DATA TO USE:

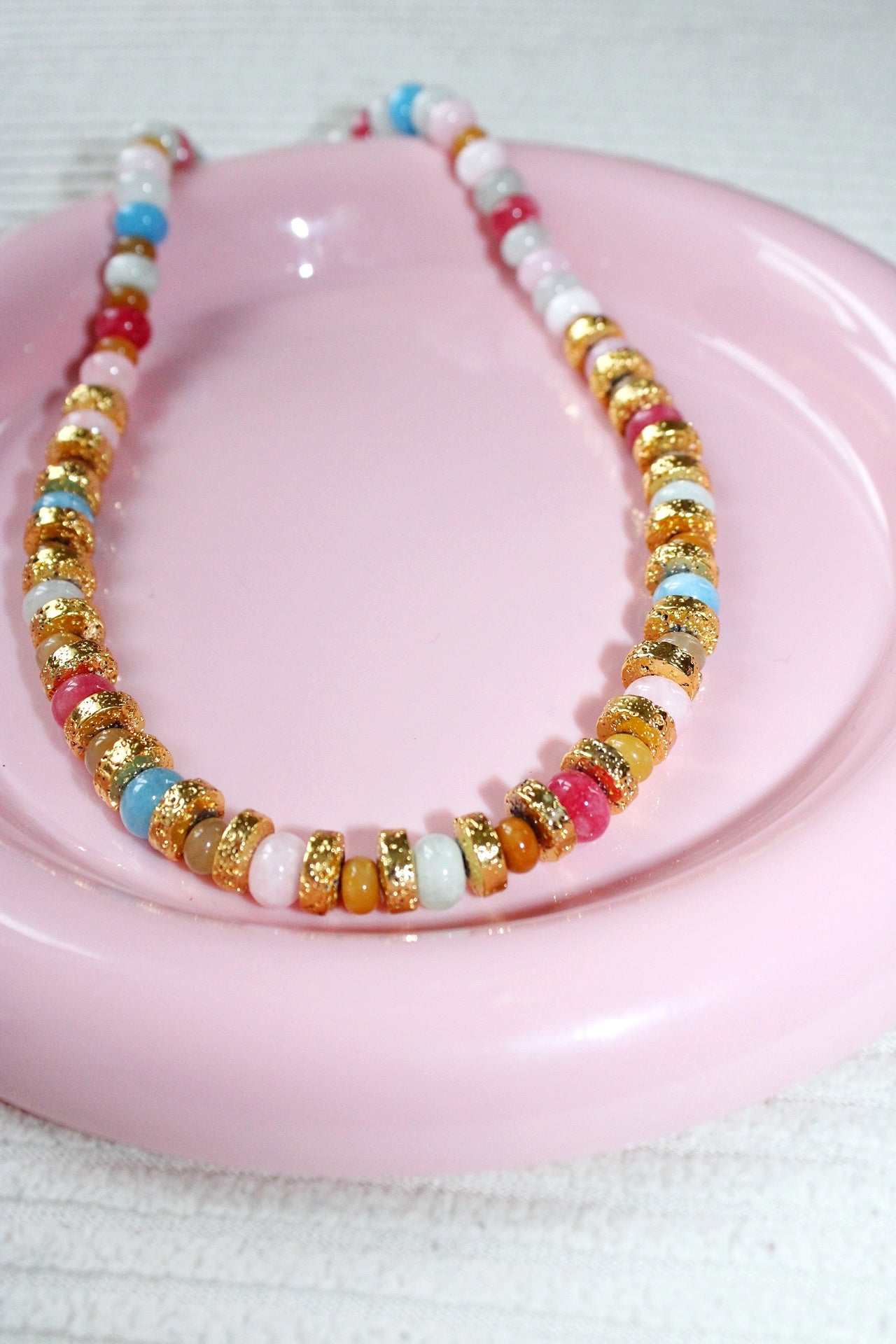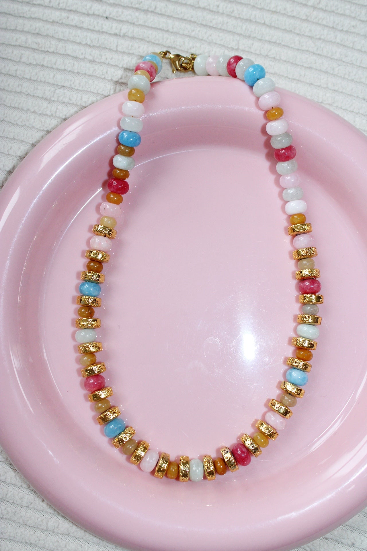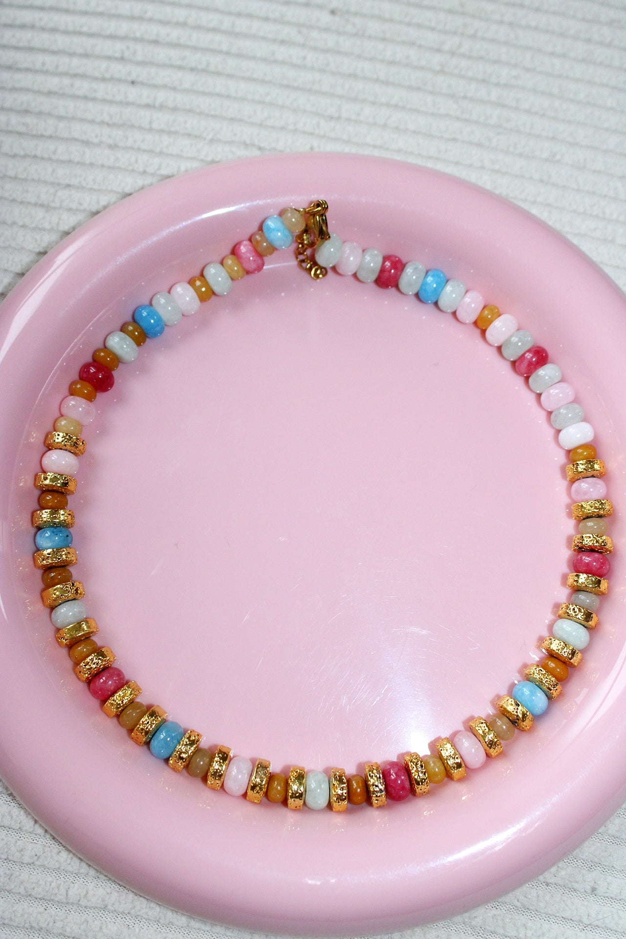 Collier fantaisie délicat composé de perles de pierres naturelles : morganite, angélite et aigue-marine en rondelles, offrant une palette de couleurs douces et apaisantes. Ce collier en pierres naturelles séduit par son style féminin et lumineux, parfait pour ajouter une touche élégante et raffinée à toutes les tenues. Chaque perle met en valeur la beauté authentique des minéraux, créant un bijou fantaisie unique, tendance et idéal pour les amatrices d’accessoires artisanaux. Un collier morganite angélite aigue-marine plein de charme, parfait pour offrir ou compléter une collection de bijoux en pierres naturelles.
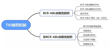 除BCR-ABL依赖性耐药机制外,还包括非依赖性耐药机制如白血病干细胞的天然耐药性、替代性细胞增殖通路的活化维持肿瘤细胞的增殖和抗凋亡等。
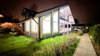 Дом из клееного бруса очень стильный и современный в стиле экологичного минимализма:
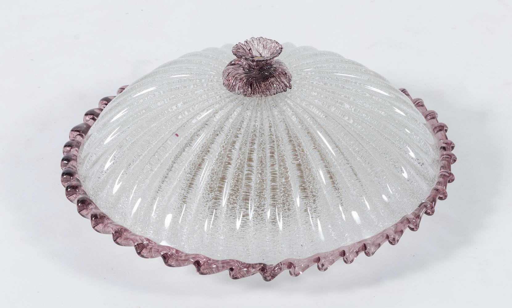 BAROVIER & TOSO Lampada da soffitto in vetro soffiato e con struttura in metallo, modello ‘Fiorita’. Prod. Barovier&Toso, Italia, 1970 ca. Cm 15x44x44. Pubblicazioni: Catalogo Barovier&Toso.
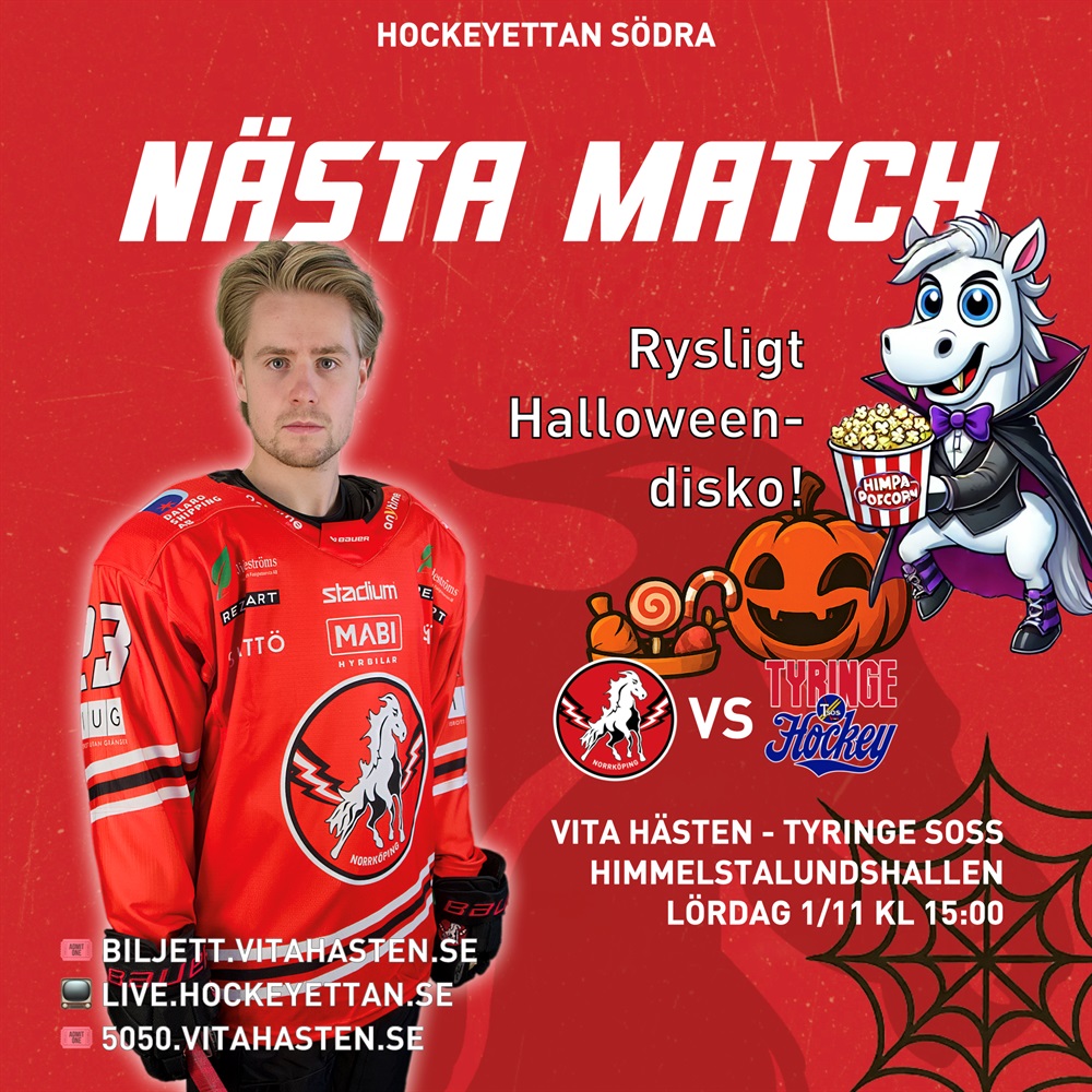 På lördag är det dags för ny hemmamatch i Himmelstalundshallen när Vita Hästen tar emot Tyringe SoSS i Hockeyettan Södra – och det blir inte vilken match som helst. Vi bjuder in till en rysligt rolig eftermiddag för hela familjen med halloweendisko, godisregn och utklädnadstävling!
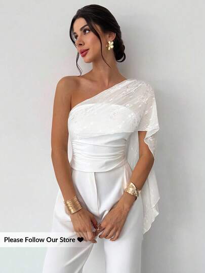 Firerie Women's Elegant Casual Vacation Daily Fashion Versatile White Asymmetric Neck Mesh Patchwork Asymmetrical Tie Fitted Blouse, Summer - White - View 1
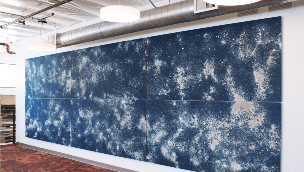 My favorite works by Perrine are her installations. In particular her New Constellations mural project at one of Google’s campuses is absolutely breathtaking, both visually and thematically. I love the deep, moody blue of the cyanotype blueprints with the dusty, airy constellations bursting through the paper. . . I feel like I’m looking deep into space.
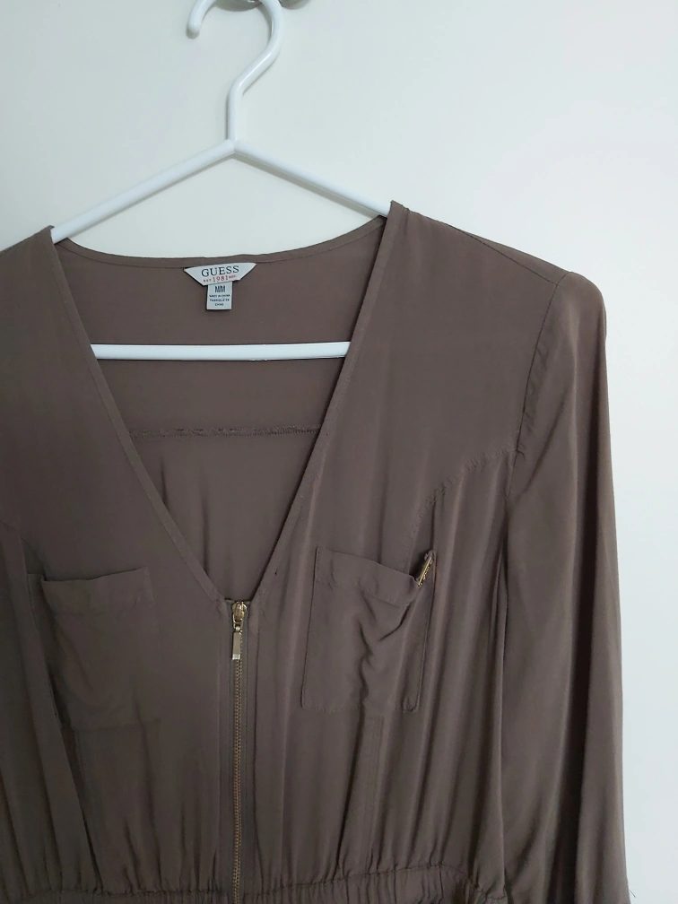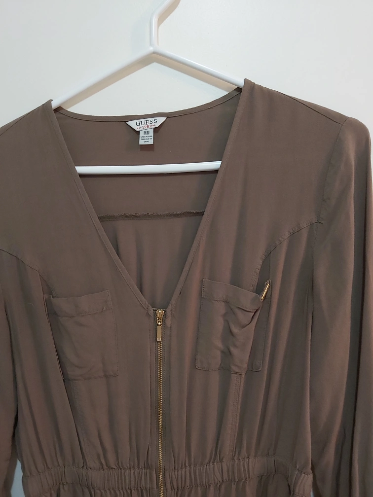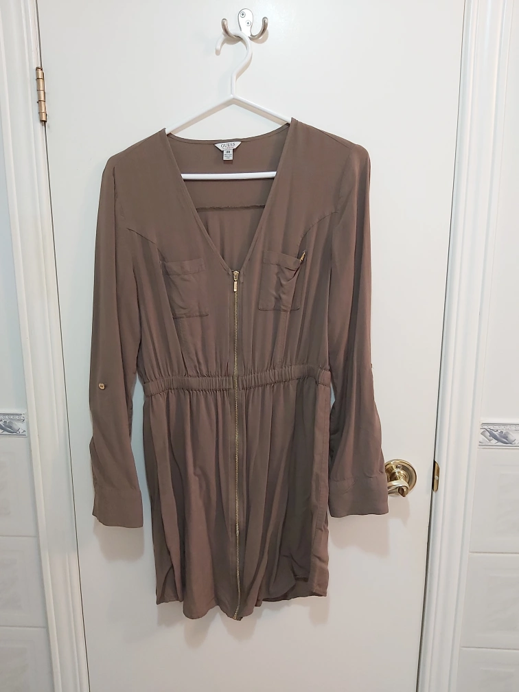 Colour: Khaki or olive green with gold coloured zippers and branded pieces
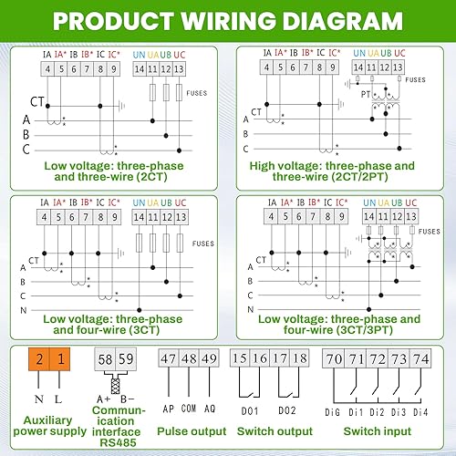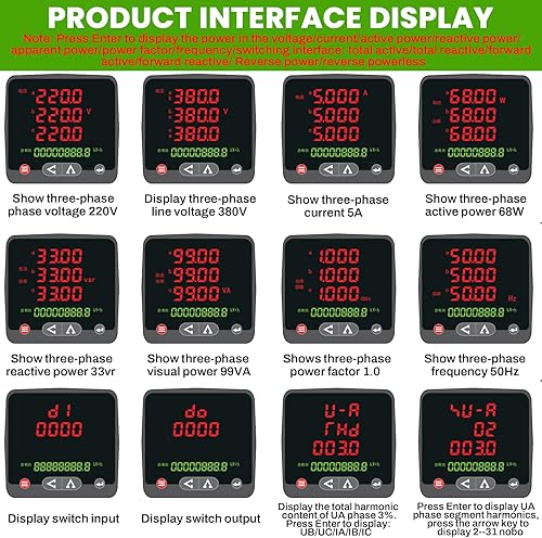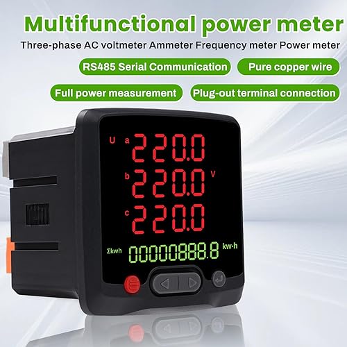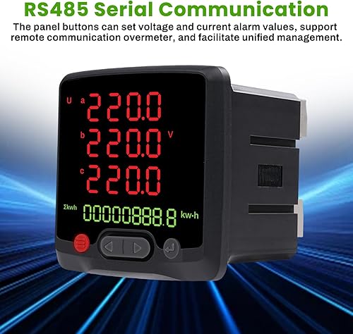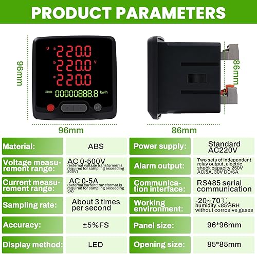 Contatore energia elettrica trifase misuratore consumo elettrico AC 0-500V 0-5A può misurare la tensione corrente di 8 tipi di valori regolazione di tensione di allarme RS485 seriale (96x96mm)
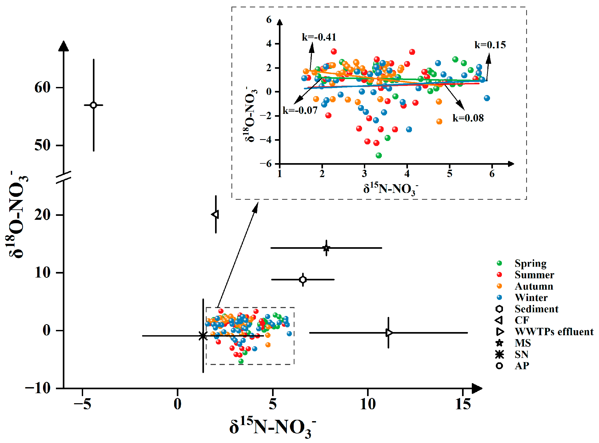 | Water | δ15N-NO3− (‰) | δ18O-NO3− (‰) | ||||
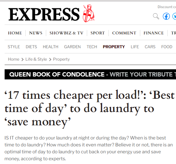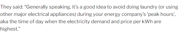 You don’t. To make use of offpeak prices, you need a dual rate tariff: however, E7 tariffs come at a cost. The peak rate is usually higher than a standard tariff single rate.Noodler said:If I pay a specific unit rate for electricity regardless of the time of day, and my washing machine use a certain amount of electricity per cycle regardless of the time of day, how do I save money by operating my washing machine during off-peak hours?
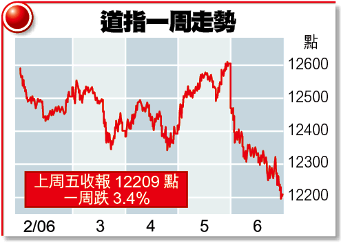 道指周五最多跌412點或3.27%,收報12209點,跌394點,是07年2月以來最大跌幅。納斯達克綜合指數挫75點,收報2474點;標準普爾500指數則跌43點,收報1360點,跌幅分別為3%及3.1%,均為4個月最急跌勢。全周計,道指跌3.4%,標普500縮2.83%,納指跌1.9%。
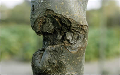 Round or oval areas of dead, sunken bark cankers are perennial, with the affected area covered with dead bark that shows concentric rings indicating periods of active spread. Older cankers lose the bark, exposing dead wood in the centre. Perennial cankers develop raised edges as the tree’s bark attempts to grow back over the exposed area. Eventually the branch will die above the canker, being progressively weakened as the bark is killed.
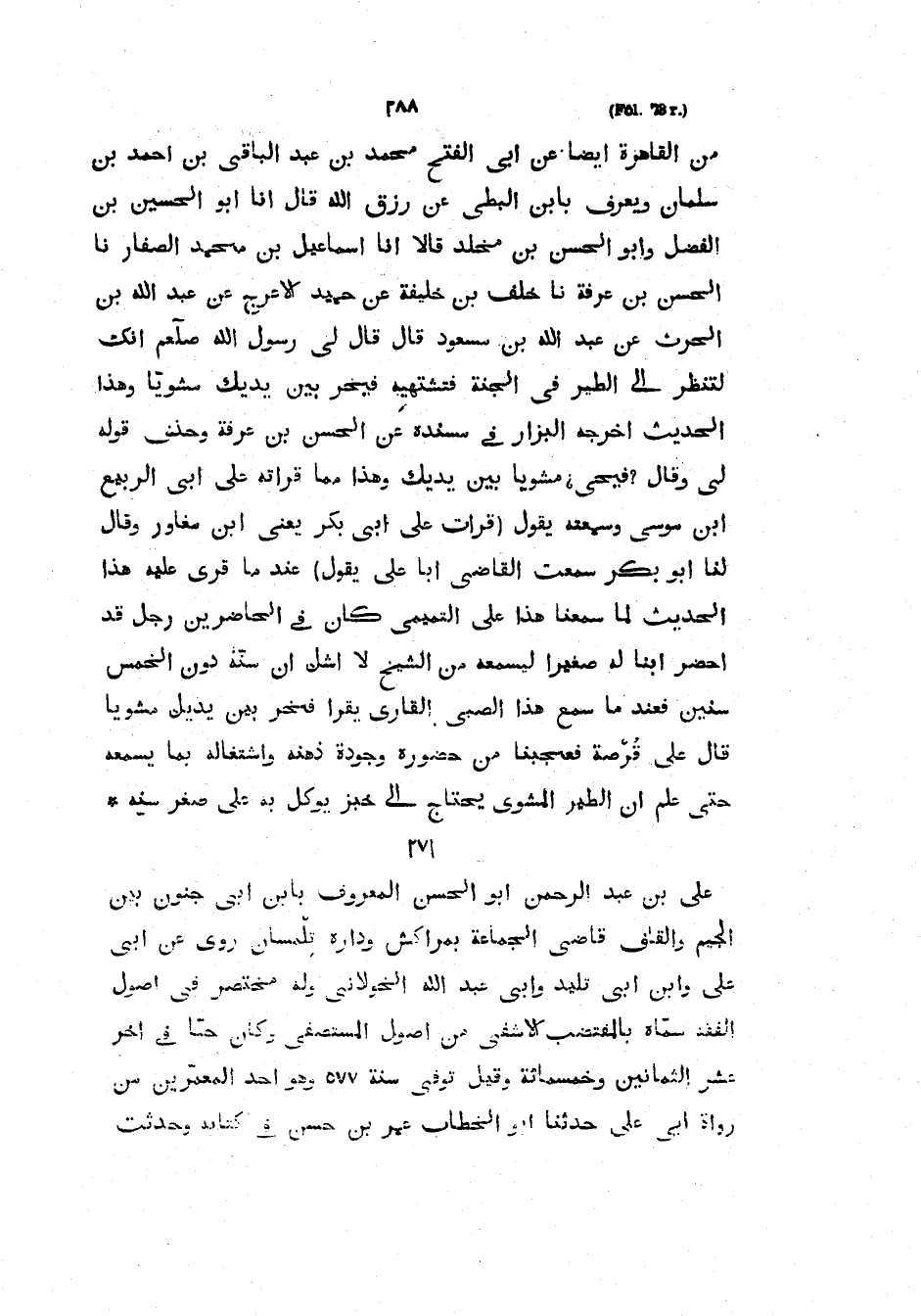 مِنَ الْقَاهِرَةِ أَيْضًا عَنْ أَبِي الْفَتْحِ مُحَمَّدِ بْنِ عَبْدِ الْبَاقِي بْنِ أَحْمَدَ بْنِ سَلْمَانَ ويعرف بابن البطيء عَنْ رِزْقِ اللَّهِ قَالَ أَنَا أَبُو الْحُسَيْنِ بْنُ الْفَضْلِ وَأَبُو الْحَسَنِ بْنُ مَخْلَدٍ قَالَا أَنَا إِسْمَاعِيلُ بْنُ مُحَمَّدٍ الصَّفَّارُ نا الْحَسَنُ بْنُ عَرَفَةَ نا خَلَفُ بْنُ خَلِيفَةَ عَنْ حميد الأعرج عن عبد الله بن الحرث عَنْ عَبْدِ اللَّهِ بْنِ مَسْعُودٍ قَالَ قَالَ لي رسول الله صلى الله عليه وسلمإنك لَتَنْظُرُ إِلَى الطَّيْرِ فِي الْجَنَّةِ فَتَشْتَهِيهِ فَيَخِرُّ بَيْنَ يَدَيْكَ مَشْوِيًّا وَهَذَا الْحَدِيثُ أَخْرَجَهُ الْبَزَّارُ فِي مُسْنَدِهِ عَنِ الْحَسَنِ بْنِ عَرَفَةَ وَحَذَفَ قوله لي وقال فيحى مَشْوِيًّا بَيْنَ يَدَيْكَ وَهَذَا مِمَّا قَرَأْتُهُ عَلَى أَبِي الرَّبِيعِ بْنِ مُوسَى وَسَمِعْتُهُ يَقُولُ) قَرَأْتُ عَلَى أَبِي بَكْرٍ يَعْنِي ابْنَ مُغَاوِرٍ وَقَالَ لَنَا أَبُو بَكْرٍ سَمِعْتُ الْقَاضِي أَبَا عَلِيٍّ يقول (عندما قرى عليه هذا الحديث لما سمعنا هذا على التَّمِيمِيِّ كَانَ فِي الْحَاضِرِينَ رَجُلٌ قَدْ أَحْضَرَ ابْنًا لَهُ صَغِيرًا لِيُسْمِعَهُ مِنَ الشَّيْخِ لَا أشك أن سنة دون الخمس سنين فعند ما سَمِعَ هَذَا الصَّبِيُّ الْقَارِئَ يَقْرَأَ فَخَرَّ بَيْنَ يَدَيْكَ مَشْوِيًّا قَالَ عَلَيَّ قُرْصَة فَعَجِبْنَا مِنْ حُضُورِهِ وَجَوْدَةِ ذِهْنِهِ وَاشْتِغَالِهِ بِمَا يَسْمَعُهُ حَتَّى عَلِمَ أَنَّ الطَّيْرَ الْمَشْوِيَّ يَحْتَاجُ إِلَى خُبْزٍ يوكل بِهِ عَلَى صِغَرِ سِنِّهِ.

ABOUT THIS EXERCISE:
Leave out any pictures and return exactly the lines from the beginning of the data through the line with "BAROVIER & TOSO", inclusive.

YOUR SOLUTION:
 Collier fantaisie délicat composé de perles de pierres naturelles : morganite, angélite et aigue-marine en rondelles, offrant une palette de couleurs douces et apaisantes. Ce collier en pierres naturelles séduit par son style féminin et lumineux, parfait pour ajouter une touche élégante et raffinée à toutes les tenues. Chaque perle met en valeur la beauté authentique des minéraux, créant un bijou fantaisie unique, tendance et idéal pour les amatrices d’accessoires artisanaux. Un collier morganite angélite aigue-marine plein de charme, parfait pour offrir ou compléter une collection de bijoux en pierres naturelles.
 除BCR-ABL依赖性耐药机制外,还包括非依赖性耐药机制如白血病干细胞的天然耐药性、替代性细胞增殖通路的活化维持肿瘤细胞的增殖和抗凋亡等。
 Дом из клееного бруса очень стильный и современный в стиле экологичного минимализма:
 BAROVIER & TOSO Lampada da soffitto in vetro soffiato e con struttura in metallo, modello ‘Fiorita’. Prod. Barovier&Toso, Italia, 1970 ca. Cm 15x44x44. Pubblicazioni: Catalogo Barovier&Toso.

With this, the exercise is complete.